▶ **Work required**
Each line of the data has to be written out again exactly as shown.

▶ **Supplied data**
....
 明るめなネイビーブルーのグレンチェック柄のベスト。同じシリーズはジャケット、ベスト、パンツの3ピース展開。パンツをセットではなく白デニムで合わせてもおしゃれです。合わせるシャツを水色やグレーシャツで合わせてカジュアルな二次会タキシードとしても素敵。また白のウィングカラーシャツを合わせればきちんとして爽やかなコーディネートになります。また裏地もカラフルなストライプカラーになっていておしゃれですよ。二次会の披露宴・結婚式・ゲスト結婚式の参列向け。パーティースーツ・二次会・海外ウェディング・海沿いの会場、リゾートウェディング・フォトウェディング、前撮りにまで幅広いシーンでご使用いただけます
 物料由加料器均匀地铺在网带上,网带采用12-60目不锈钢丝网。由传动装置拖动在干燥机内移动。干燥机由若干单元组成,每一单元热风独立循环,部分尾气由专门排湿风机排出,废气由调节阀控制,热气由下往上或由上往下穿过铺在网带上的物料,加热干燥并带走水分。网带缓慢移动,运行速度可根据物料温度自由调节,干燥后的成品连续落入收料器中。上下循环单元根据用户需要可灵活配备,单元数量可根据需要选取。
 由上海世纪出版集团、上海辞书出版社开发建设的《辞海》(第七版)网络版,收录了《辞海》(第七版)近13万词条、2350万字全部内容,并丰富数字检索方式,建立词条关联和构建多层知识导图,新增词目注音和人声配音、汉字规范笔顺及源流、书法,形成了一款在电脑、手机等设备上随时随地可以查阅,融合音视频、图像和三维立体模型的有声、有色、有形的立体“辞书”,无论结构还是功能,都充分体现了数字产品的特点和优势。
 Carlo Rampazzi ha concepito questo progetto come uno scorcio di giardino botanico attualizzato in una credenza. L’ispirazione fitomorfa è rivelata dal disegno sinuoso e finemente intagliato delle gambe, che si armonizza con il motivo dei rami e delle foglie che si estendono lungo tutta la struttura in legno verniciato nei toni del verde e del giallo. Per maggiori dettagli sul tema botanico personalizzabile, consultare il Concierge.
....
▶ **Solution for this problem**
 明るめなネイビーブルーのグレンチェック柄のベスト。同じシリーズはジャケット、ベスト、パンツの3ピース展開。パンツをセットではなく白デニムで合わせてもおしゃれです。合わせるシャツを水色やグレーシャツで合わせてカジュアルな二次会タキシードとしても素敵。また白のウィングカラーシャツを合わせればきちんとして爽やかなコーディネートになります。また裏地もカラフルなストライプカラーになっていておしゃれですよ。二次会の披露宴・結婚式・ゲスト結婚式の参列向け。パーティースーツ・二次会・海外ウェディング・海沿いの会場、リゾートウェディング・フォトウェディング、前撮りにまで幅広いシーンでご使用いただけます
 物料由加料器均匀地铺在网带上,网带采用12-60目不锈钢丝网。由传动装置拖动在干燥机内移动。干燥机由若干单元组成,每一单元热风独立循环,部分尾气由专门排湿风机排出,废气由调节阀控制,热气由下往上或由上往下穿过铺在网带上的物料,加热干燥并带走水分。网带缓慢移动,运行速度可根据物料温度自由调节,干燥后的成品连续落入收料器中。上下循环单元根据用户需要可灵活配备,单元数量可根据需要选取。
 由上海世纪出版集团、上海辞书出版社开发建设的《辞海》(第七版)网络版,收录了《辞海》(第七版)近13万词条、2350万字全部内容,并丰富数字检索方式,建立词条关联和构建多层知识导图,新增词目注音和人声配音、汉字规范笔顺及源流、书法,形成了一款在电脑、手机等设备上随时随地可以查阅,融合音视频、图像和三维立体模型的有声、有色、有形的立体“辞书”,无论结构还是功能,都充分体现了数字产品的特点和优势。
 Carlo Rampazzi ha concepito questo progetto come uno scorcio di giardino botanico attualizzato in una credenza. L’ispirazione fitomorfa è rivelata dal disegno sinuoso e finemente intagliato delle gambe, che si armonizza con il motivo dei rami e delle foglie che si estendono lungo tutta la struttura in legno verniciato nei toni del verde e del giallo. Per maggiori dettagli sul tema botanico personalizzabile, consultare il Concierge.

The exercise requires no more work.